Would you reject or fail to reject that there is any relationship between these two
series?
d. Submit your series, your code, and your results.
3. Go to Yahoo!Finance (or the source of your choice, such as Bloomberg) and download a daily
price series for a particular publicly-traded stock of your choice for a ten-year time period (don’t
use Apple), as well as the daily price series on the exchange on which it trades. [5 points]
a. Using R or Python, calculate the log returns of each series as the natural log of the ratio
of (price today/price yesterday). Use the reported closing price for this exercise.
b. Using R or Python, generate a histogram of log returns of the stock of your choice.
c. Using R or Python, generate a scatterplot that relates the log returns of your stock of
choice to the log returns of the exchange on which it is traded.
d. Finally, using R or Python, fit a linear model to obtain estimates of what finance folks call
the “alpha” and the “beta”. Is “alpha” significantly different than zero at a 95% level?
Does a 95% confidence level for “beta” include one?

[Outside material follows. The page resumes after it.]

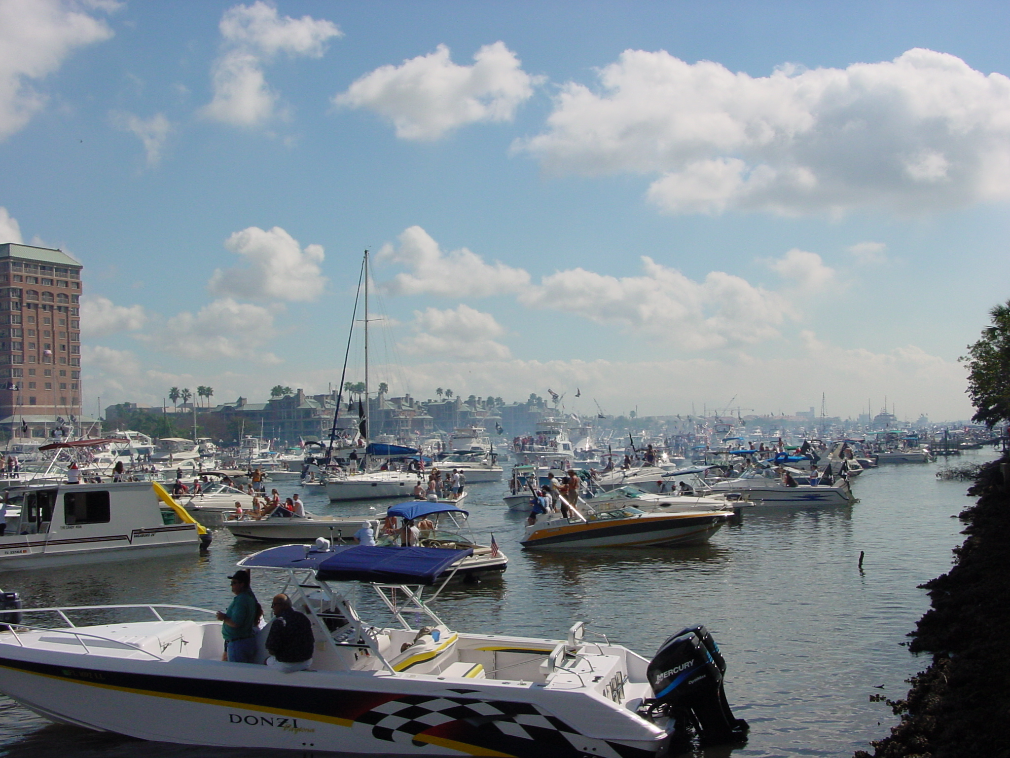 This photograph is of hundreds of boats watching the Gasparilla Pirate Fest, which is held yearly in Tampa, Florida.

e. Submit all code and results.
4. Download the file train.dta from the course website. These data are formatted as a Stata
dataset. [5 points]
a. Read this dataset into R or Python. (For R, you may find the “foreign” library of use. For
Python, check out Pandas. The goal here is to get you familiar with reading datasets
with alternative formats.)
b. Generate summary statistics for the following variables in the data:
• d, which is an indicator for whether a particular email is spam
• x1, which is an attribute of the email
c. Using least squares, regress d on x1. (For R, check out lm. For Python, check out
StatsModels.) Congratulations, you have created a support vector machine that you will
use to forecast whether an incoming email with a different attribute is spam.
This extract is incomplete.